Follow along on Tom’s and the Spook’s adventures, and you’ll be turning the pages into the wee hours of the night! (Though make sure to keep the light bright because these adventures are not for the faint of heart!)
I read The Ocean at the End of the Lane one afternoon, and was quickly drawn into the magical world that Neil Gaiman created. After giving a eulogy at a funeral in Sussex, England, a middle-aged man decides to re-visit the house at the end of the lane which he visited as a child. This is a lovely farmhouse full of warmth and fresh, delicious food. It’s where the Hempstock women lived—the elderly grandmother, mother, and Lettie, the daughter with whom he was friends. As a young boy, he learns that the Hempstocks are guardians who ward off dark forces that surround our world. During his visit, a frightening childhood memory of a dark, menacing presence that entered his life in the form of a young woman named Ursula resurfaces.
A young Australian boy searches out the mysterious past of his mother in postwar England based on the clues revealed in the ghost stories composed by his great-grandmother. A few of the ghost stories are included, and it becomes increasingly hard to discern if art is following life, or life is following art in John Harwood’s The Ghost Writer.

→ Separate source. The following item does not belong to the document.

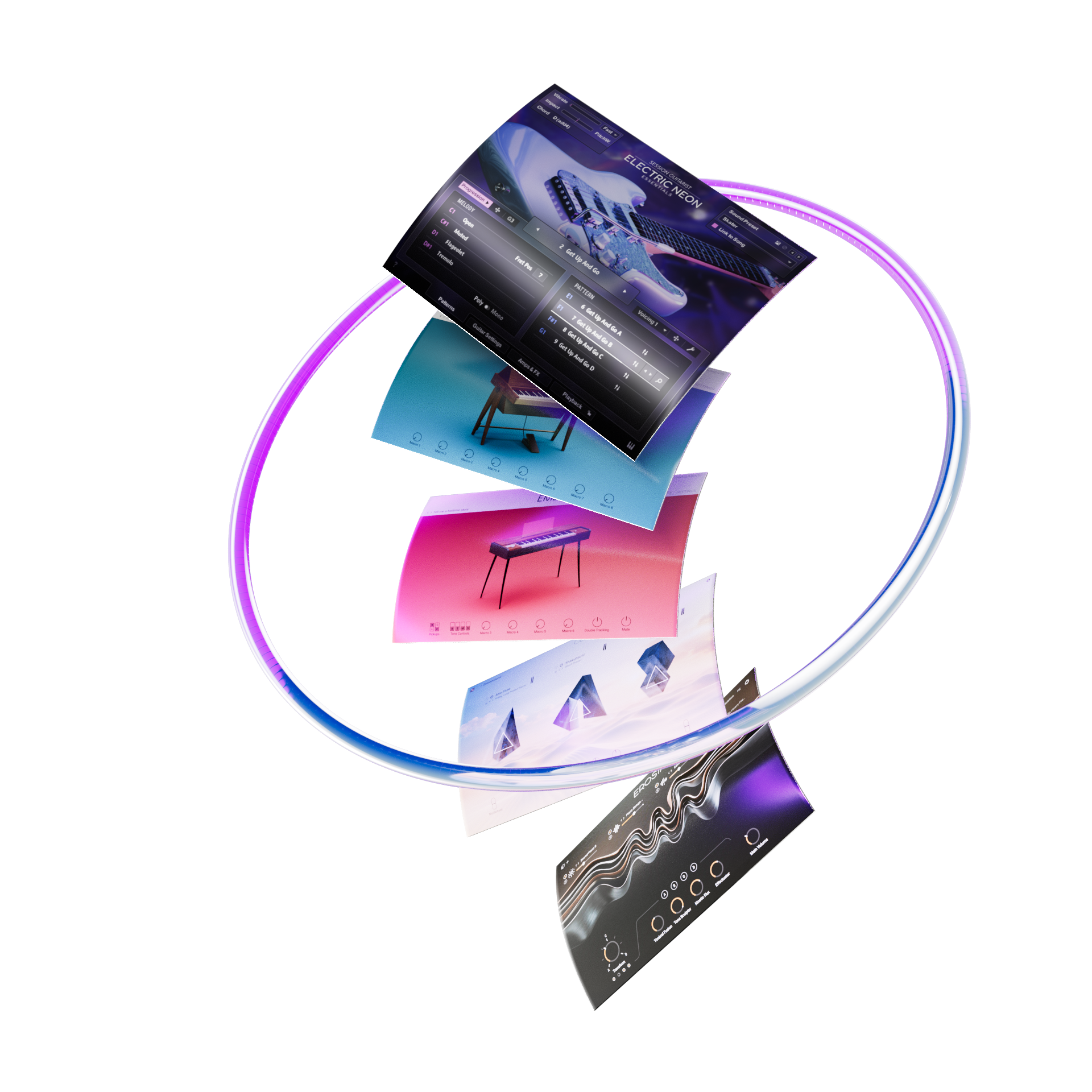 Session Guitarist – Electric Neon Essentials is a virtual electric guitar instrument for Kontakt 8, created for electronic and pop music production. It is based on a custom Strat-style guitar with active pickups and focuses on polished, processed tones rather than traditional, naturalistic guitar realism.

In this novel based on Robert Lewis Stevenson’s Dr. Jekyll and Mr. Hyde, Hyde seizes control. Though Hyde’s ramblings on the dark streets of Victorian London are often told with brutal detail, the novel takes an intriguing concept and tells an intelligent tale. The boundaries between good and evil are blurred and a dark and brooding re-imagined story emerges.
This retelling is a richly detailed and engrossing portrait of Stevenson’s characters, but Daniel Levine’s Hyde is not the first novel to re-spin Stevenson’s original. Mary Reilly by Valerie Martin told the tale from the point-of-view of Jekyll’s household maid.